Indeed, it's not the paper it once was. Then again, no paper is.
The book, which hits stores July 20, was favorably reviewed in the Post yesterday by American Journalism Review editor Rem Rieder.
Rieder affirmed this was a book worth reading for lapsed news scribes like myself, or anyone who gives a damn about what happened to journalism and what can still be done to right the ship.
The only troubling note was a sentence Rieder quoted, where Kindred waxes: "I love the smell of newsprint in the morning, and my favorite time of day is thirty minutes to deadline."

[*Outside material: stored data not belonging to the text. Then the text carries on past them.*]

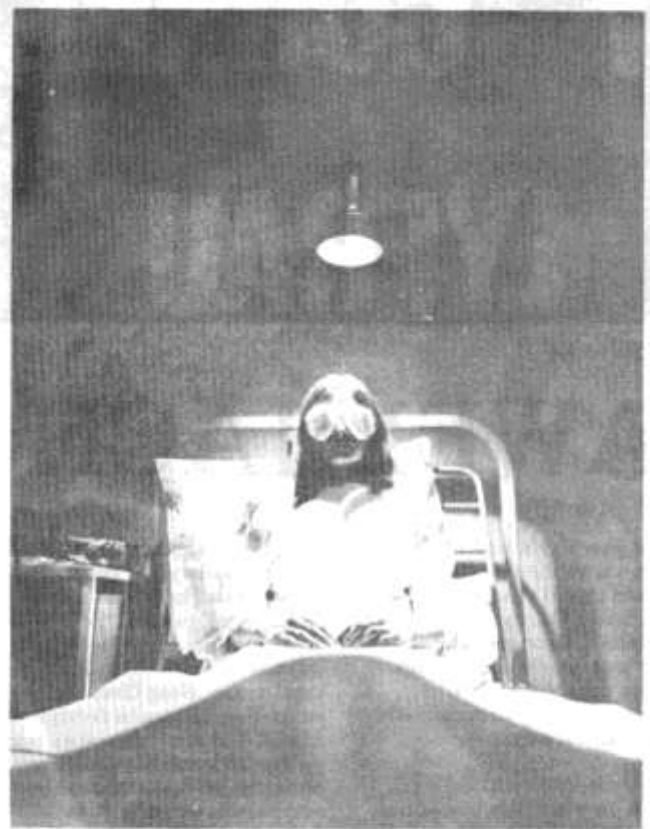
Golygfa o 'Death Kit' a berfformiwyd gan Moving Being.

M.P. Wedi'ch sefydlu does dim dwywaith. Ond fasa chi'n deud fod chi erbyn hyn yn rhan p'r sefydliad.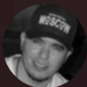
JUNIOR STYLE - MA Oficina de Danças Urbanas Iniciante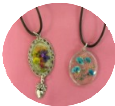
「押し花」でこんな楽しいネックレスができました

First off, when's the last time Kindred smelled newsprint? The Post and most other papers are printed on offset presses that produce smudge-free papers. Long gone are the days when you had to wash your hands or wear gloves after reading the Post or Times.
As a cub at the UPI Albany bureau, I would go down to the mailroom as the Times-Union was coming off the presses and got a few copies to take up to the bureau. I don't remember much of a smell. What I savored was the crisp, folded paper in my, yes, smudged hands. A morning miracle indeed, or at least an 11:15 p.m. miracle when the T-U's bulldog edition came out. But a smell? Meh.
Still, Kindred remains a print guy through and through. In that sense we are, um, kindred spirits, and I'm sure to soak up his dispatches from the front of what is hopefully a winnable war, at least in D.C.